(Dataset content begins)
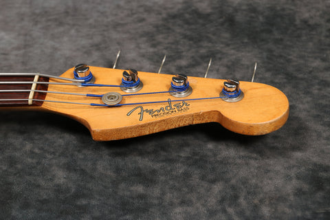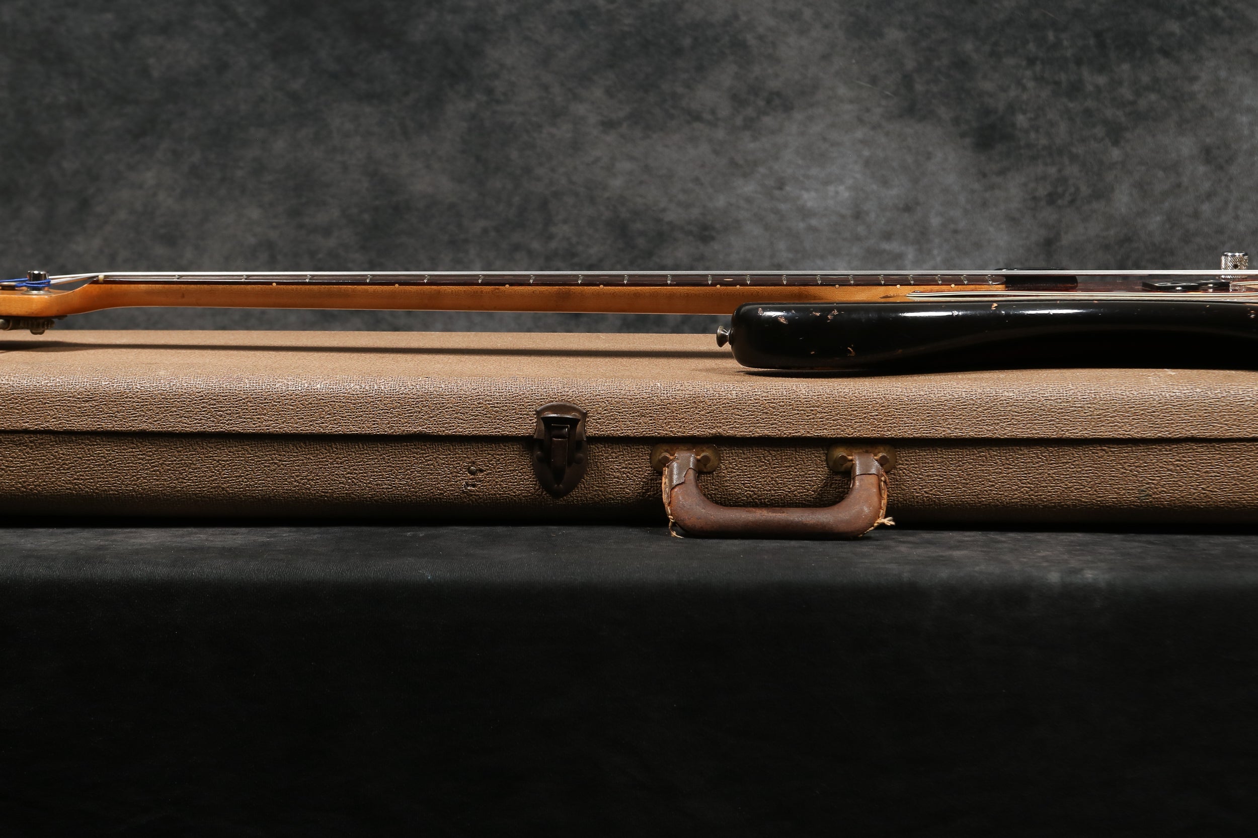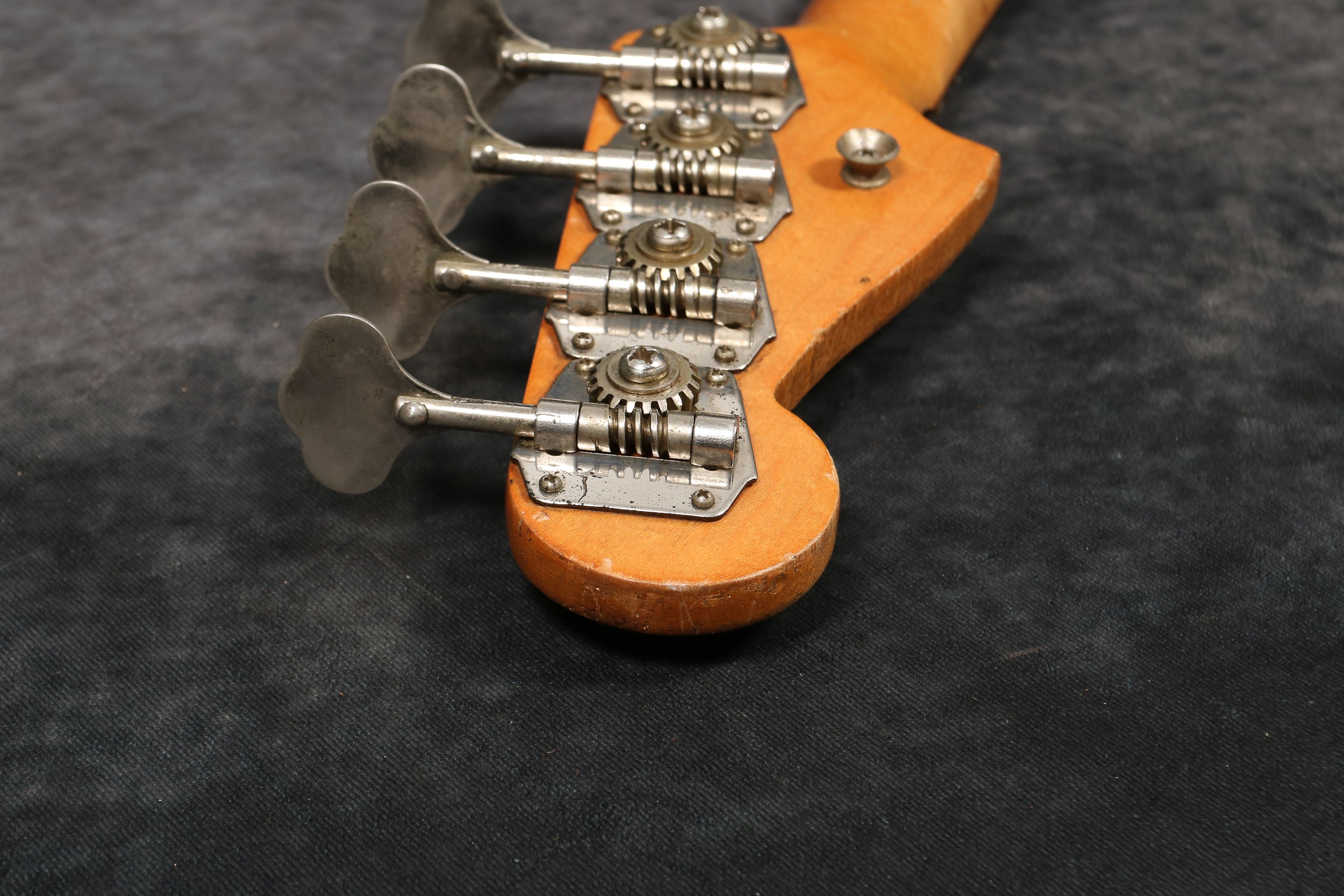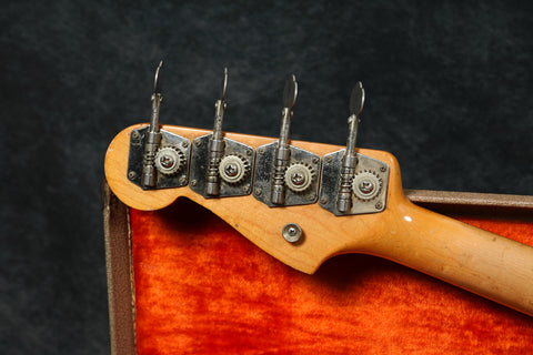 This bass has been fully set up in our workshop with a fresh set of D'Addario Chrome flat-wound strings. The neck is straight and the truss rod works correctly. The neck pencil date is 12/61, there is a pencil date in the body but we can't make out what the digits are. The tone pot dates to the 23rd week of 61 and the volume pot to the 43rd week of '61. The pickups have Black bobbins and original winds. Weight: 8 lbs 14.5 oz / 4.03 kg. Nut width: 44 mm. Depth at 1st fret: 21 mm. Pickup DC resistance: 10.54k.
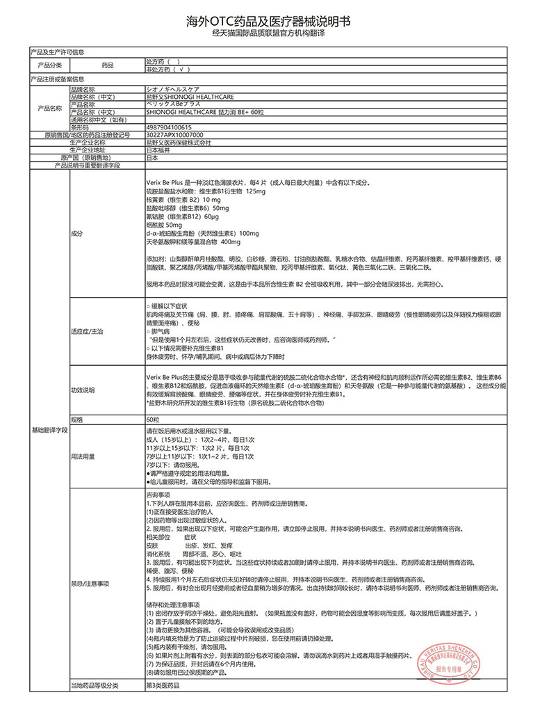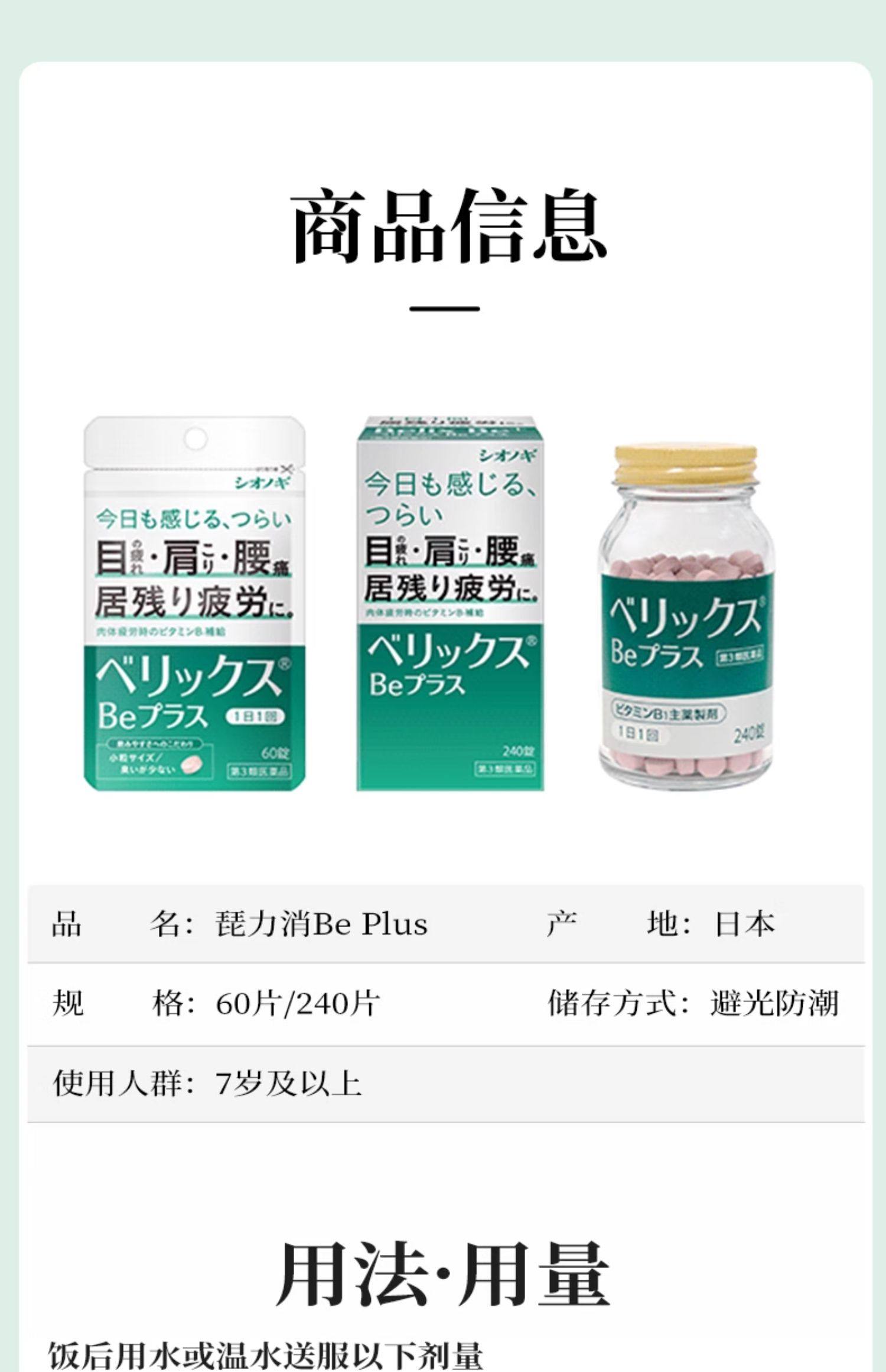 日本盐野义进口琵力消BE复合维生素烟酰胺视力模糊眼肩腰疼痛疲劳
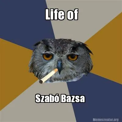 Make your own "Life of Szabó Bazsa" meme with MemeCreator's free online meme generator. Add text, stickers, and drawings — then download or share. No watermark, no sign-up required.
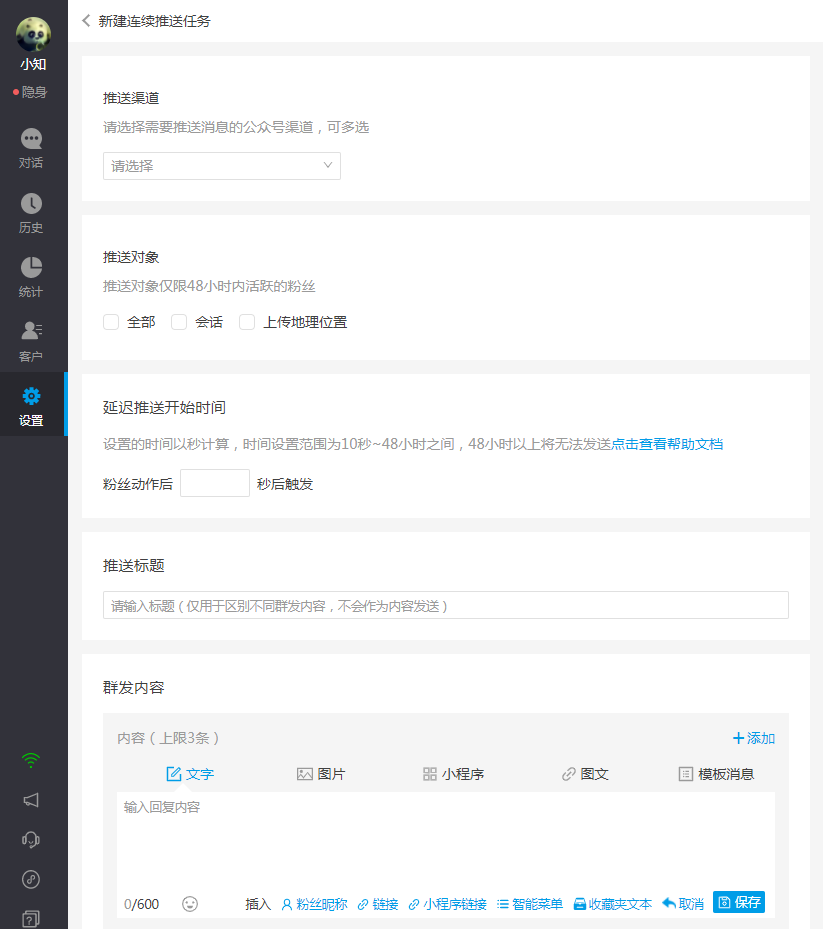可以设置推送时间,即动作产生后多少分钟对粉丝推送消息,可以推送多条。
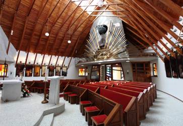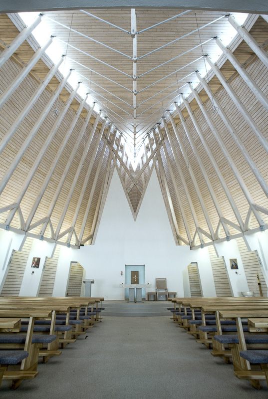 Realizovaný kostol vznikol na základe víťazného návrhu architektonickej súťaže. Porota popri organickom začlenení kostola do organizmu sídliska ocenila aj vytvorenie sakrálneho námestia medzi kostolom a farou. Podľa mňa je najsilnejší moment riešenie interiéru, založené na používaní ekologických stavebných materiálov. Pre veriacich vytvára intímnu domovskú atmosféru. (Snímka z interiéru nezachytáva toľko odborníkmi diskutovanú maľbu za hlavným oltárom – pozn. red.)
(Dataset content ends)
- **Prompt**: Pictures stay out of this copy. Retype exactly the lines from the one with "日本盐野义进口琵力消BE复合维生素烟酰胺视力模糊眼肩腰疼痛疲劳" through the last line of the data, both ends included, and nothing more.

- **Response to the task**:
 日本盐野义进口琵力消BE复合维生素烟酰胺视力模糊眼肩腰疼痛疲劳
 Make your own "Life of Szabó Bazsa" meme with MemeCreator's free online meme generator. Add text, stickers, and drawings — then download or share. No watermark, no sign-up required.
可以设置推送时间,即动作产生后多少分钟对粉丝推送消息,可以推送多条。
 Realizovaný kostol vznikol na základe víťazného návrhu architektonickej súťaže. Porota popri organickom začlenení kostola do organizmu sídliska ocenila aj vytvorenie sakrálneho námestia medzi kostolom a farou. Podľa mňa je najsilnejší moment riešenie interiéru, založené na používaní ekologických stavebných materiálov. Pre veriacich vytvára intímnu domovskú atmosféru. (Snímka z interiéru nezachytáva toľko odborníkmi diskutovanú maľbu za hlavným oltárom – pozn. red.)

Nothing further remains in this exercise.